Global trajectory and spatiotemporal epidemiological landscape of multidrug-resistant tuberculosis of spanning 46 years (1990–2035): implications for achieving global end TB goals
Yunbin Yang, Aoran Yang, Renzhong Li, Wei Su, Jiawen Jiang, Liangli Liu, Yunzhou Ruan, Lin Xu

TL;DR
This study maps the global rise and spread of drug-resistant tuberculosis from 1990 to 2035, showing it remains a major public health threat, especially in sub-Saharan Africa and among vulnerable groups.
Contribution
The paper provides the first 46-year spatiotemporal analysis of MDR-TB, projecting future trends and identifying persistent hotspots and demographic patterns.
Findings
MDR-TB incidence peaked in 2000 and has since declined, but absolute cases are projected to rise to 480,000 by 2035 due to population growth.
Sub-Saharan Africa remains a hyperendemic region with high MDR-TB rates, particularly in Somalia.

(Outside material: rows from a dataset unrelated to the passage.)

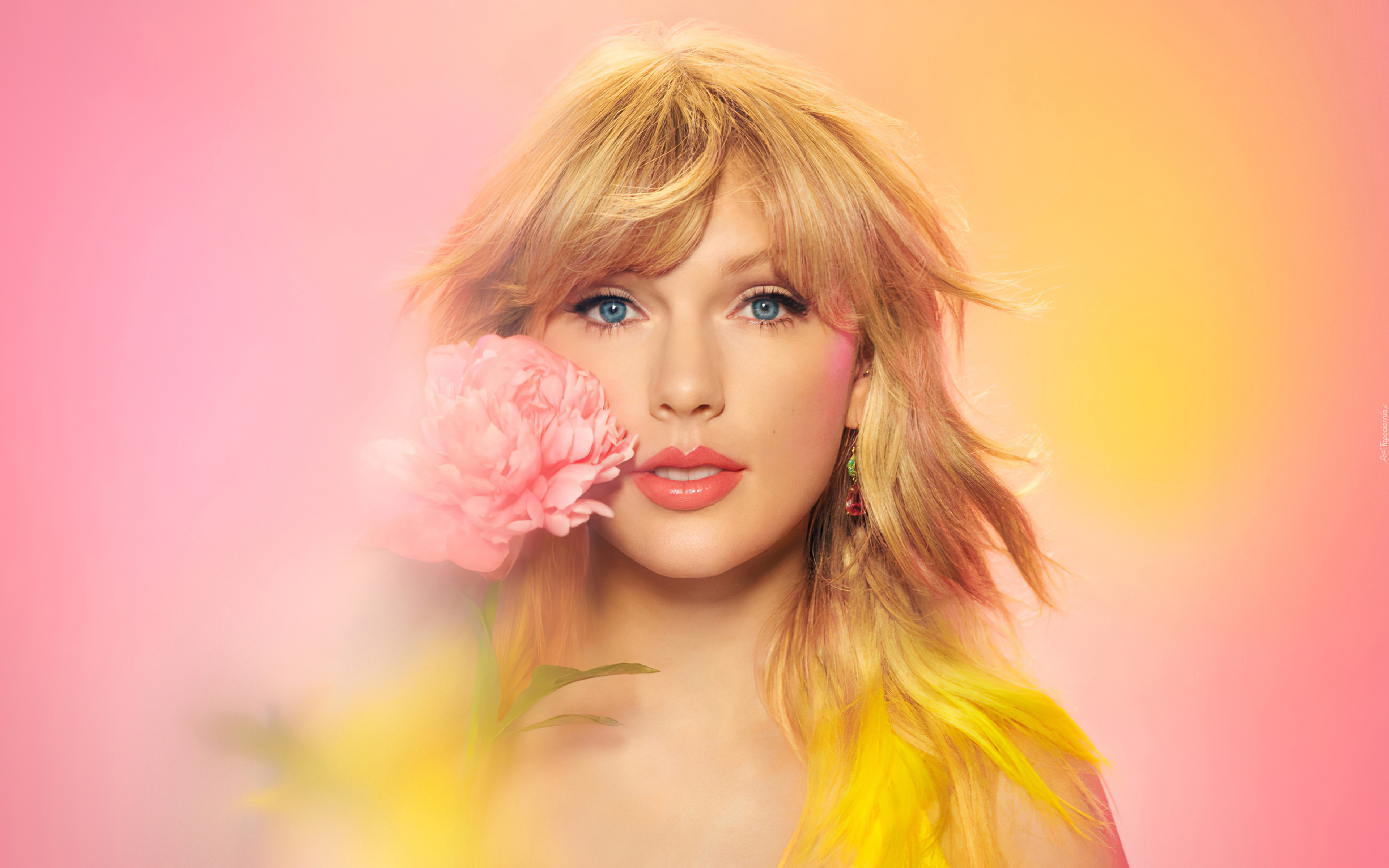 Edytor tapety: Taylor Swift z różowym kwiatkiem
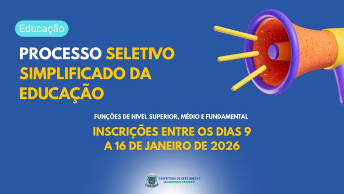 A Prefeitura Municipal de Sete Quedas, por meio da Secretaria Municipal de Educação, está com inscrições abertas para o Processo Seletivo Simplificado (PSS) destinado à contratação temporária de profissionais para a rede municipal de ensino. O período de inscrição vai de 9 a 16 de janeiro de 2026, sem cobrança de taxa.
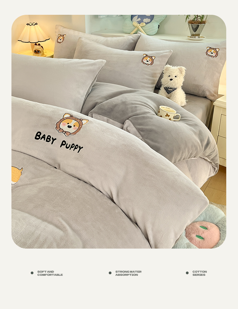利欧 2025新款满绣卡通牛奶绒刺绣四件套 快乐柯基-米白
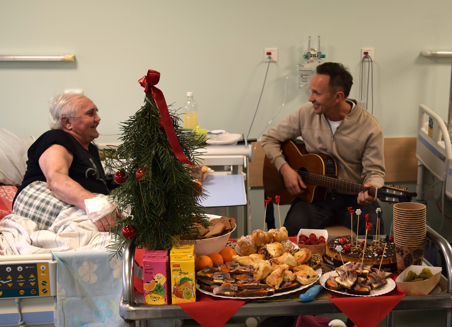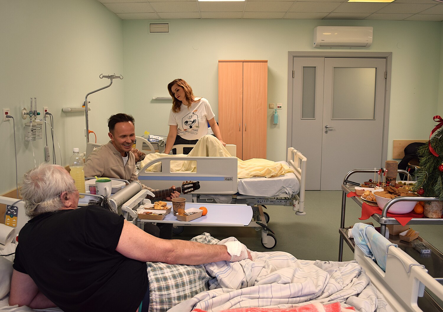 Jauku svētku atmosfēru uzbūra mūziķis Renārs Kaupers, sniedzot muzikālu priekšnesumu atklāšanas pasākumā daļā, gan dodoties kopā ar brīvprātīgajiem uz nodaļu pie pacientiem.
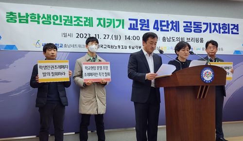 새로운학교충남네트워크, 전국교직원노동조합 충남지부, 충남실천교육교사모임, 충남좋은교사운동 등 관계자들은 27일 충남도청에서 기자회견을 열어 "충남도의회는 학생인권조례 폐지를 즉각 중단하고, 교권 보호 조례를 강화하라"고 촉구했다.
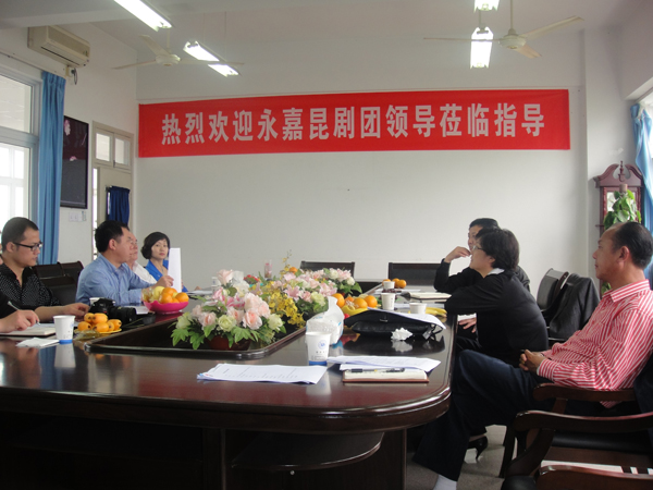 2012年4月11日上午,永嘉昆剧团团长刘文华等一行五人莅临公司参观交流。副经理王志毅副教授、王文韬副教授、各教研室主任以及办公室副主任全程接待。副经理王志毅老师就双方建立实践教学基地及准备在公司开设“永昆”课程进行了协商,并针对永昆教学大纲进行了细致的讨论。永昆领导们对公司开设永昆课程及建立教学实践基地给与了极大的肯定与支持。最后,在公司领导的陪同下一行人观光游览了校园风光,参观了专业教室、琴房、舞蹈房等教学场所。
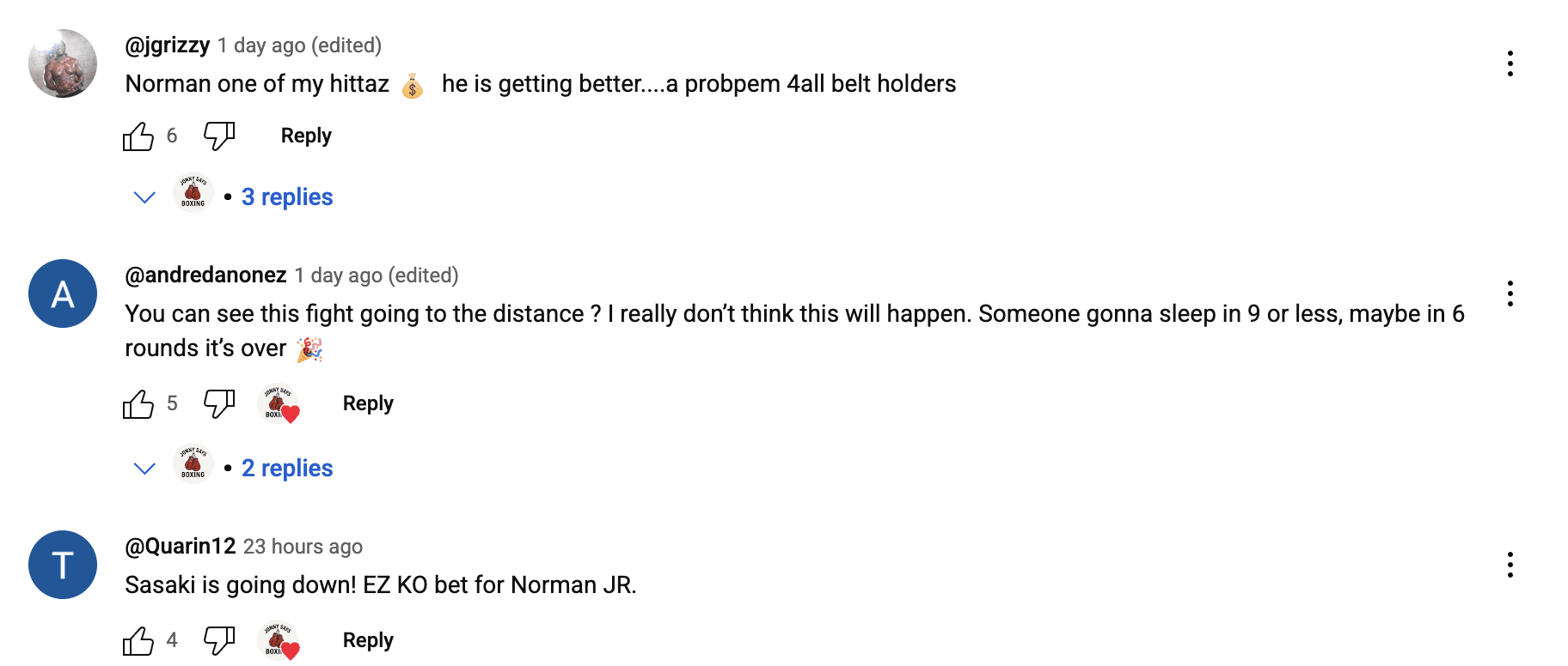 He was then elevated to the full champion once Terence Crawford moved up. Norman Jr. stopped Derrieck Cuevas in his last fight, his second stoppage in a row. Meanwhile, Sasaki has not lost at welterweight. He has a 19–1-0 record, with 17 knockouts. He has six knockouts from his last seven fights. His biggest wins have come against Ryota Toyoshima, Joe Noynay, Qamil Balla and Shoki Sakai in his last bout. Here is how fans saw the fight playing out.
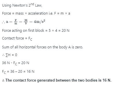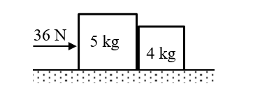 Q. Two rigid bodies of mass 5 kg and 4 kg are at rest on a frictionless surface until acted upon by a force of 36 N as shown in the figure. The contact force generated between the two bodies is
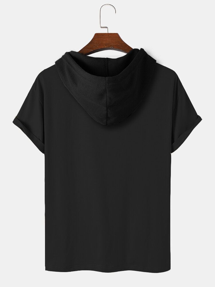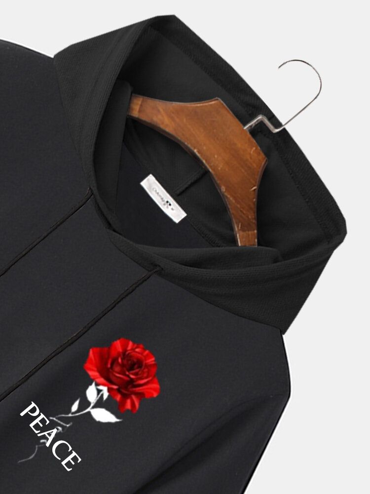 Mens Peace Rose Print Short Sleeve Drawstring Hooded T-Shirts
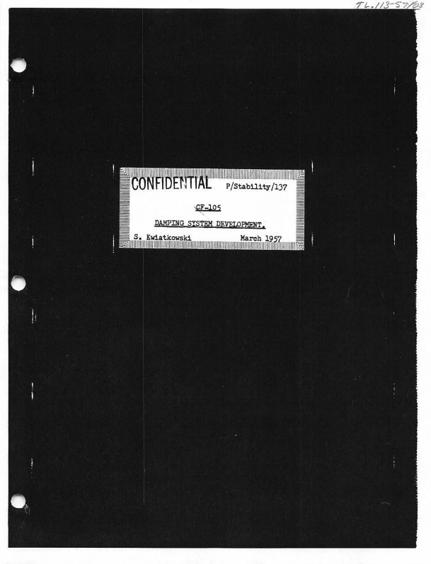 Brief Account of the Development of the CF-105 Damping System as of Mar 1, 1957 - Yaw Stability Augmentation, Control Stick Steering Feel, Pitch and Roll Control. Report approved by J. Chamberlin
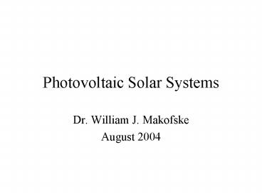 Title: Photovoltaic Solar Systems
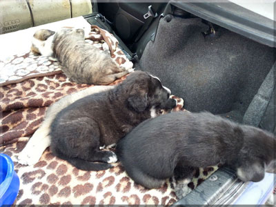130 Euro später ziehen wir mit zwei Welpen und zwei Impfpässen geistig verwirrt aber im Herzen ganz klar in Richtung Auto.
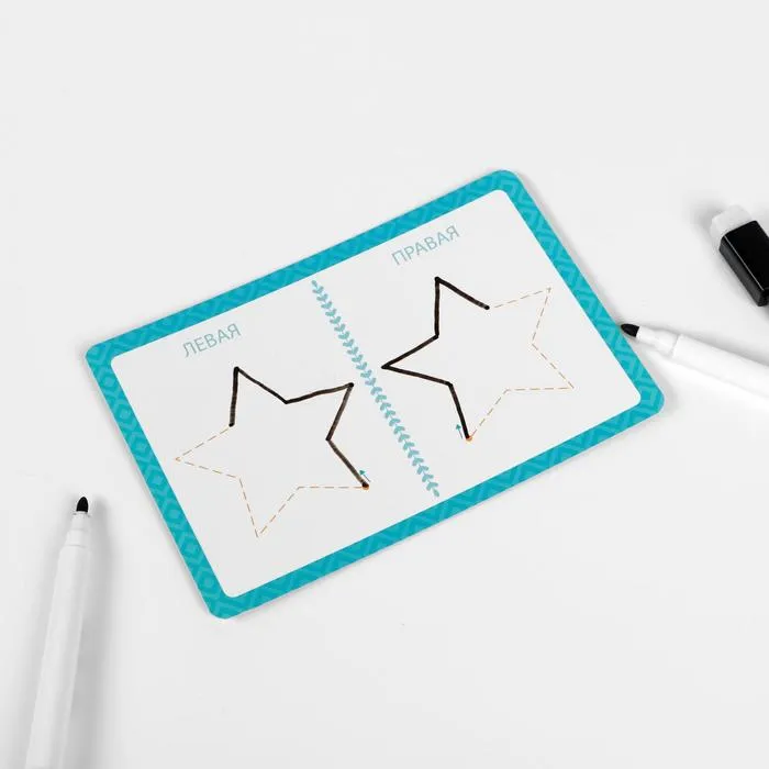 Это поможет синхронизировать работу обоих полушарий мозга. Все карточки многоразовые. Стереть рисунок можно с помощью сухой салфетки или обратной стороной маркера.
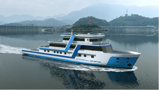 該船總長57.1米,型寬9.8米,型深3.5米,滿載排水量600噸,設計吃水2.1米、設計航速22千米/小時,采用圓舭線型、傾斜船首、方尾船型,全船采用鋼質焊接結構形式,采用雙機雙定距槳推進形式。是一艘主要開展水庫巡查、庫岸邊坡巡測、水文泥沙要素監(jiān)測、水環(huán)境取樣和實驗室檢測分析等工作的工作船。

Males and older adults are disproportionately affected, with males showing a sharper incidence increase and slower decline.
Abstract
Although MDR-TB is recognized as a significant threat, systematic descriptions of its long-term (>30 years) global spatiotemporal evolution patterns are still limited. This study conducted a 46-year spatiotemporal analysis of global MDR-TB (1990–2035) to provide key evidence for evaluating and refining the WHO End TB Strategy. We used Global Burden of Disease data to identify identified temporal inflection points in ASIR, ASDR, and DALYs using Joinpoint regression. Spatial clustering was quantified using Moran’s I and Getis-Ord hotspot analysis. A Bayesian age-period-cohort model projected MDR-TB incidence from 2022 to 2035. The male-to-female ratio was approximately 1.5:1. Incidence was highest at 30–60 years, deaths at 60+, DALYs peak at 45–60; children under 14 years of age significantly affected. ASIR rose from 0.97/100 k (1990) to 6.39/100 k (2000), then declined (APC: −3.15%)…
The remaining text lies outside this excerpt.